[Start of section]

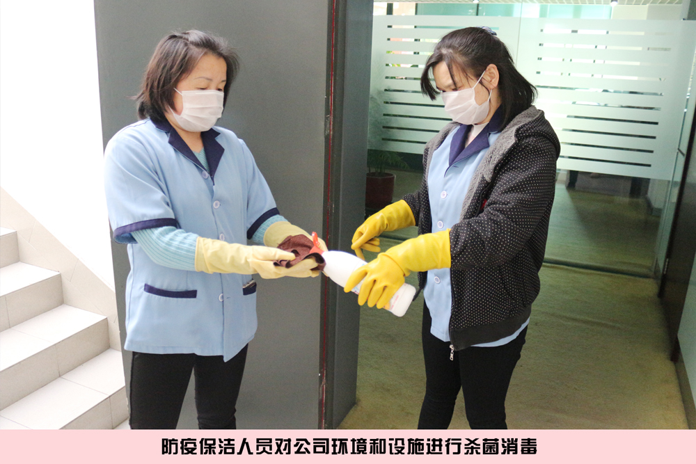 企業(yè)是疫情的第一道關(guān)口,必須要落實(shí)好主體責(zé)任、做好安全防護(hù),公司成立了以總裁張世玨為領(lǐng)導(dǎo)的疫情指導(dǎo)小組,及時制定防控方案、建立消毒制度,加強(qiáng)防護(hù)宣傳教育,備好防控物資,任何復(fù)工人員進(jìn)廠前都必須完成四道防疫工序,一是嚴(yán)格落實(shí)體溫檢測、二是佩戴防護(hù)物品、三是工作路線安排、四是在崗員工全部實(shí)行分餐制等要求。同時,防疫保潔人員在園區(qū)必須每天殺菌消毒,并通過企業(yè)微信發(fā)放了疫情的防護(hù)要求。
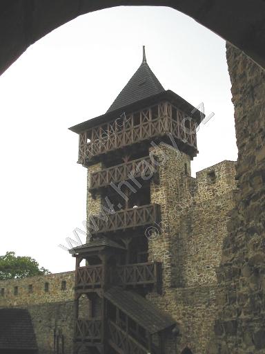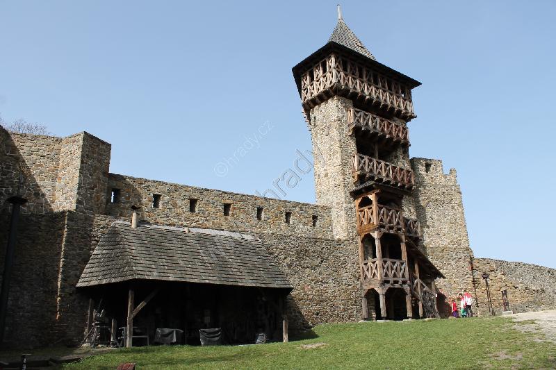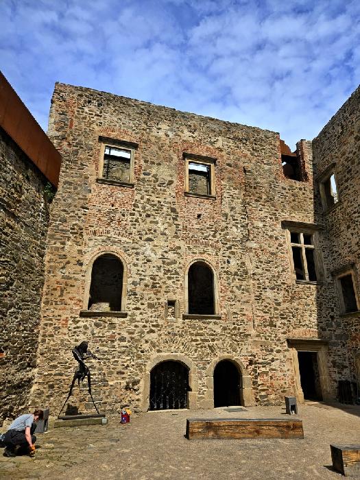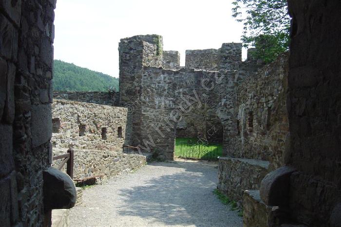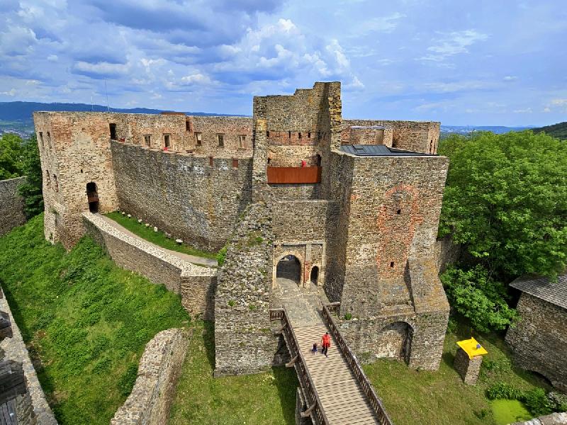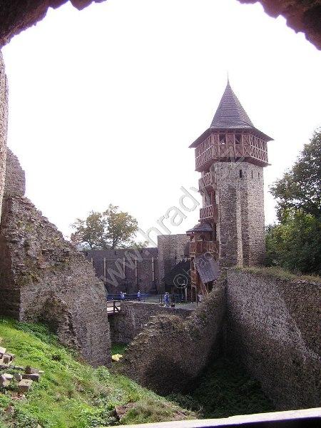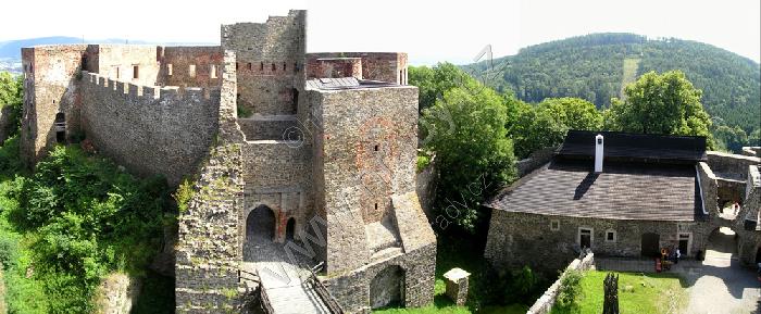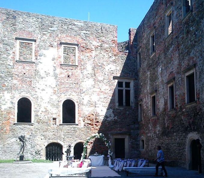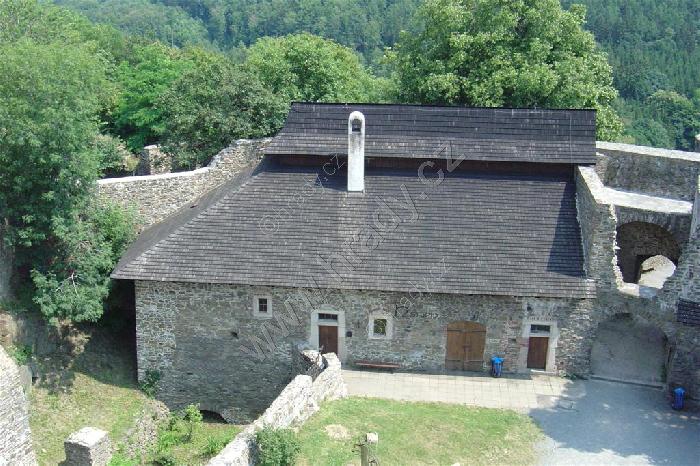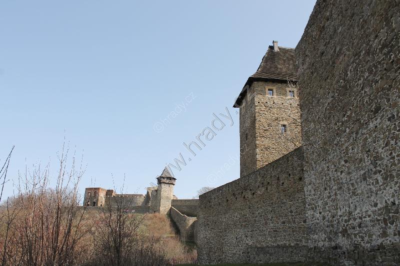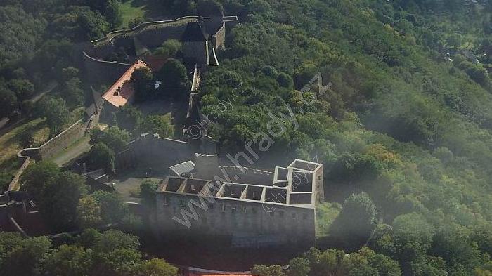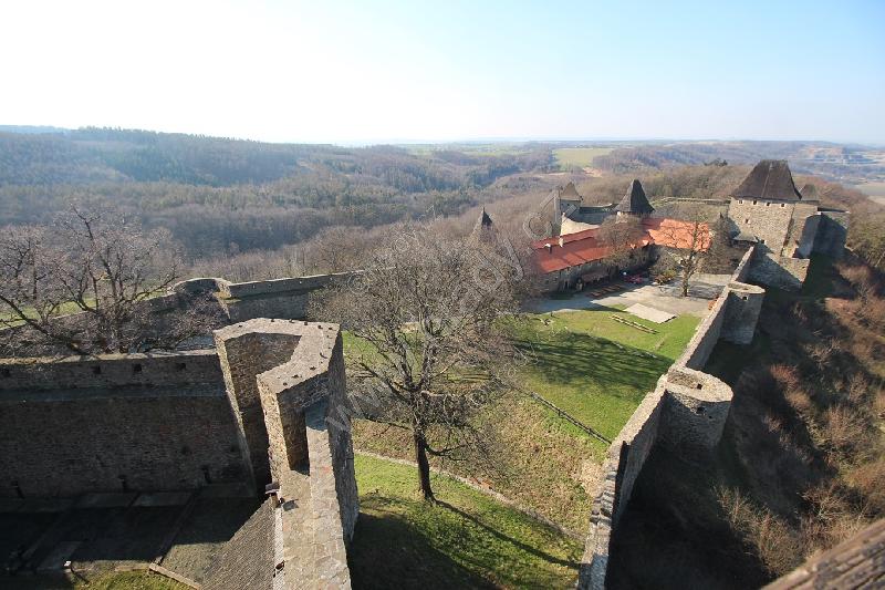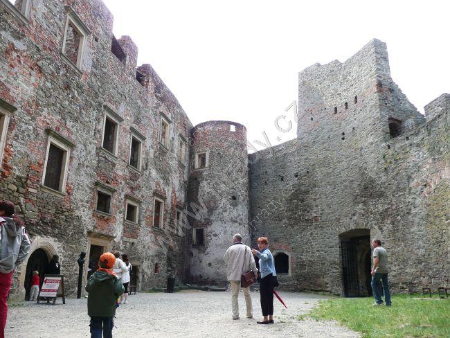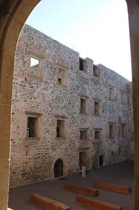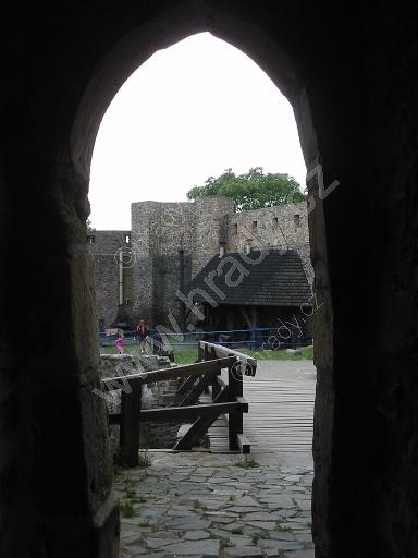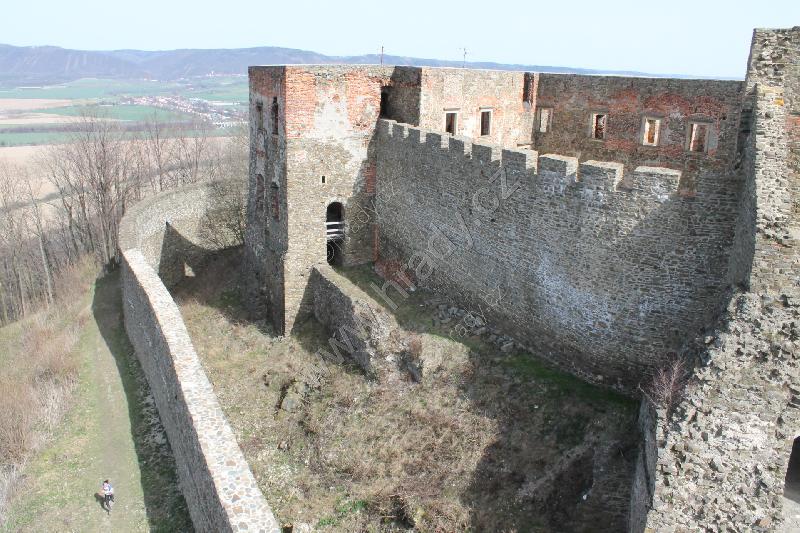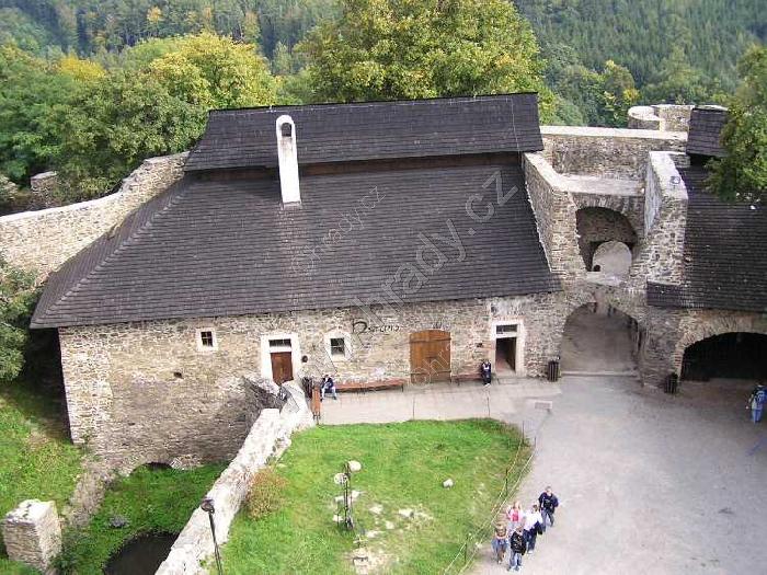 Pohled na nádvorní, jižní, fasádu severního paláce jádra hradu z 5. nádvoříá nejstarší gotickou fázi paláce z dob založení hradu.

[End of section]
[Start of section]

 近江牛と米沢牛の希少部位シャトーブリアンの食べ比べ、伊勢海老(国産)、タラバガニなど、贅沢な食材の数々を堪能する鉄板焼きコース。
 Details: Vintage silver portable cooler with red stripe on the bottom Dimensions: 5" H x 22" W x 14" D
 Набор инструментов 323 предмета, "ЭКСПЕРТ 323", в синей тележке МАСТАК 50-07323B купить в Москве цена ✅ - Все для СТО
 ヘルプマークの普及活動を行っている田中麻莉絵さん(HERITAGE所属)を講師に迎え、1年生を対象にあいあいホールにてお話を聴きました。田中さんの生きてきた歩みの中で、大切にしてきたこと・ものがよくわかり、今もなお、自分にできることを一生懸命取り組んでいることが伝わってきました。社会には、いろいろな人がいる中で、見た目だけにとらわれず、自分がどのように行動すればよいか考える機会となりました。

[End of section]
[Start of section]

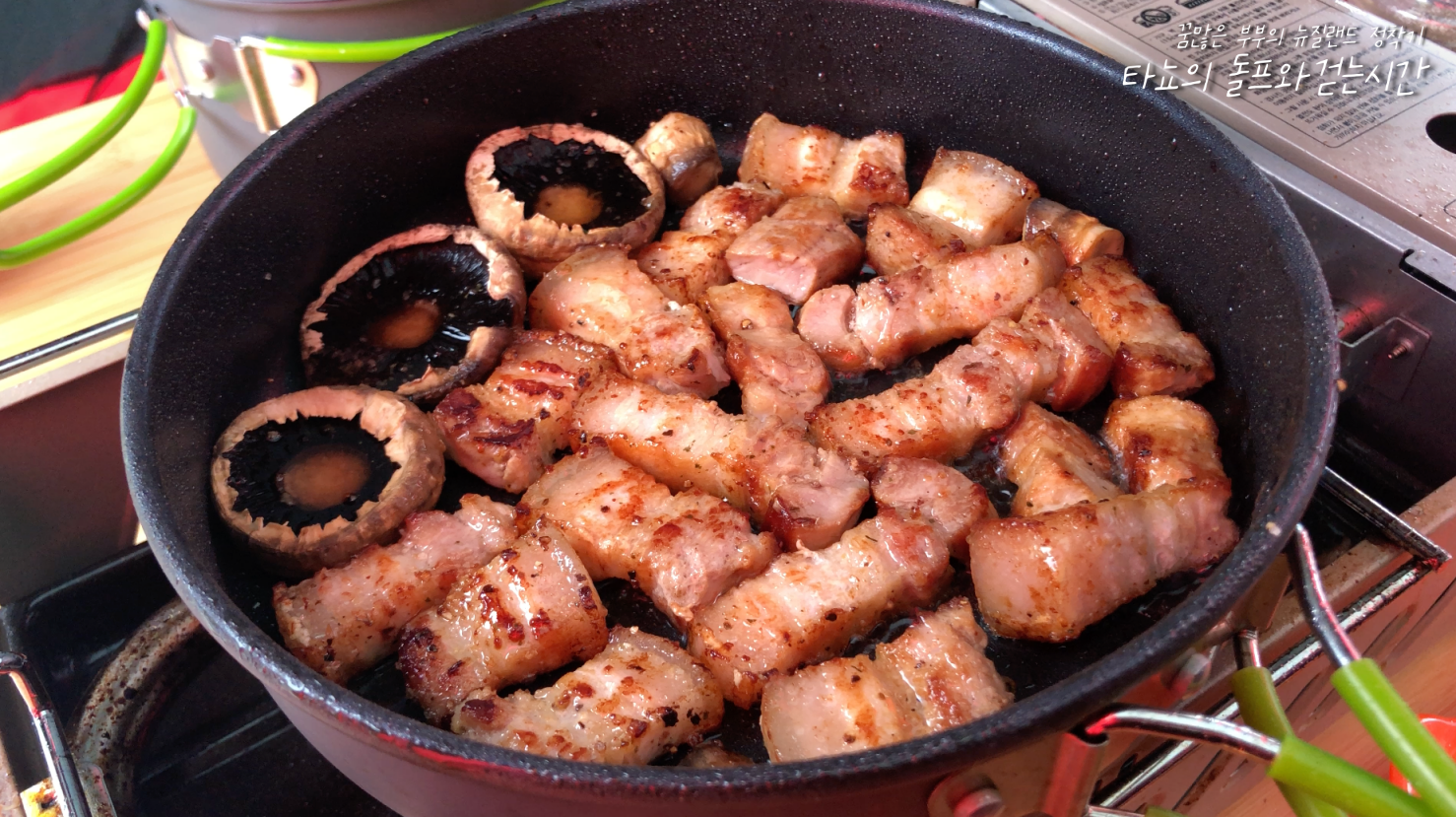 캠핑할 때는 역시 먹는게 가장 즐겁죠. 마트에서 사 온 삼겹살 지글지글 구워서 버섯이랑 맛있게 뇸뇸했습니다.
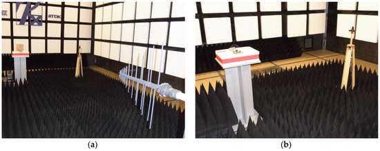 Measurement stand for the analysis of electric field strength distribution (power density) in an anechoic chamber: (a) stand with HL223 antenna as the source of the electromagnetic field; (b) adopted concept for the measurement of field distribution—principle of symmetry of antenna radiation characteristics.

[End of section]

From the listing above, restate verbatim the lines running from the one with "企業(yè)是疫情的第一道關" through the one with "Pohled na nádvorní, jižní, fasádu", inclusive, but not the pictures.

 企業(yè)是疫情的第一道關(guān)口,必須要落實(shí)好主體責(zé)任、做好安全防護(hù),公司成立了以總裁張世玨為領(lǐng)導(dǎo)的疫情指導(dǎo)小組,及時制定防控方案、建立消毒制度,加強(qiáng)防護(hù)宣傳教育,備好防控物資,任何復(fù)工人員進(jìn)廠前都必須完成四道防疫工序,一是嚴(yán)格落實(shí)體溫檢測、二是佩戴防護(hù)物品、三是工作路線安排、四是在崗員工全部實(shí)行分餐制等要求。同時,防疫保潔人員在園區(qū)必須每天殺菌消毒,并通過企業(yè)微信發(fā)放了疫情的防護(hù)要求。
 Pohled na nádvorní, jižní, fasádu severního paláce jádra hradu z 5. nádvoříá nejstarší gotickou fázi paláce z dob založení hradu.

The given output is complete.